Xee: A Modern XPath and XSLT Engine in Rust
91 points by wezm
91 points by wezm
Happy to see new people discovering beauty of the XML world. More and better implementations will help.
So glad to see there’s interest here! It’s been a long strange trip through XML land for me.
Thanks for undertaking this work! I have been wanting XSLT 2.0 without Saxon for some time; I always wondered why libxml2 and libxslt were frozen in time. Also thank you for lxml; I haven’t used it much (honestly, it took some time to comprehend the model) but it has been a life saver many times. I am one of the few people who sort of came on the scene in the early 2000s and actually rather like XML still. My catchphrase has been “XML is something you inflict on others, not yourself” but I actually have used it just for myself.
I should write a post about this, but at one time we were reconciling a legacy database with a new design. I made a custom XML format to capture my notes about each table in the new schema, what tables it reflected from the old schema, what the types would be, what conversion steps were necessary, etc. Then I had a stylesheet for turning my notes into a document for humans (both HTML and PDF via a simple Docbook format), and another one for producing a Liquibase migration that would create the new schema, with commentary. I think it would have been hard to do this any other way; XML is very good for situations like this where you are actually making a document, but also want to extract some structured data from it.
I was looking at using XProc for a blogging platform for a minute, but it seemed even more quiescent than XSLT, so I kind of abandoned the idea. Maybe Xee will someday be a good host for that idea!
I don’t know Rust and I’m really bad at contributing code on the side but I will take a look at Xee and see if there is any low-hanging fruit; if I can give you an hour here or there I would like to!
Thank you so much for your kind comment!
I’m very happy to help you along a little if you want to go on a Rust adventure with Xee!
Seems like a really good candidate for a call on This Week In Rust’s call for participation: https://github.com/rust-lang/this-week-in-rust/blob/master/draft/2025-04-02-this-week-in-rust.md#cfp---projects
What are you using xml for? Is it a design choice or just for legacy interop?
I myself am more interested in implementing it than using it!
As I point out in the blog post, XML is a niche but a sizeable niche; a lot of people use this technology for document processing for instance. My customer Paligo who very generously funded this work is interested in ensuring that implementations of these standards are accessible in a variety of ecosystems.
Rust in particular enables a whole bunch of possibilities that you don’t get with Java, which has the most capable implementations. A simple example of such a possibility is that someone yesterday downloaded a compiled binary of the Xee CLI tool to Windows and it just worked (even though I did all the work on Linux). That’s quite different from having to have a Java stack installed.

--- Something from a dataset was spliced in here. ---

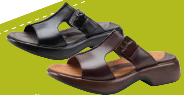
Mallory women's 36-42 (US 6-12) Black Veg-Tan Brown Veg-Tan

Shown Above: Colette Toffee Crinkle Patent, Carmen Sangria Oily Nubuck, Caroline Black Waxy

Xee being in Rust should make it easier to integrate support for these standards in other programming languages, in web services, and even the browser through WASM.
I think there’s value in having a thoroughly specified set of standards to build on; it allows more durable and interoperable tooling.
Personally I really like XML when I want to markup inline text in a whitespace preserving way. For example, when writing tutorials, I like to generate every stage in the code’s progression from a single xml file. It’s not a very common usecase, but it’s great in that niche!
This actually made my weekend. I’ve been digging into ePub parsing lately for a digital library project I’m working on (think Calibre, but like .01% of it at the moment), and I’m at the point where I want to extract metadata from ePub files.
For those of you that don’t know, an ePub is really just a zip archive full of XML files to describe metadata and contents, and XHTML files that contain the contents. I’m also doing this in Rust and haven’t loved the existing options, so I’ll be giving this a try this weekend.
I am amused to see this post next to How to Write Blog Posts that Developers Read in the listing of posts right now. I wrote this blog post before I read that, but did read it before posting it. So I was able to hold it against the question asked there.
Most software bloggers never think to ask, “Is there a wider audience for this topic?”
This is exactly what I tried to do in the introduction section, because I had the daunting problem that my post talks about XML.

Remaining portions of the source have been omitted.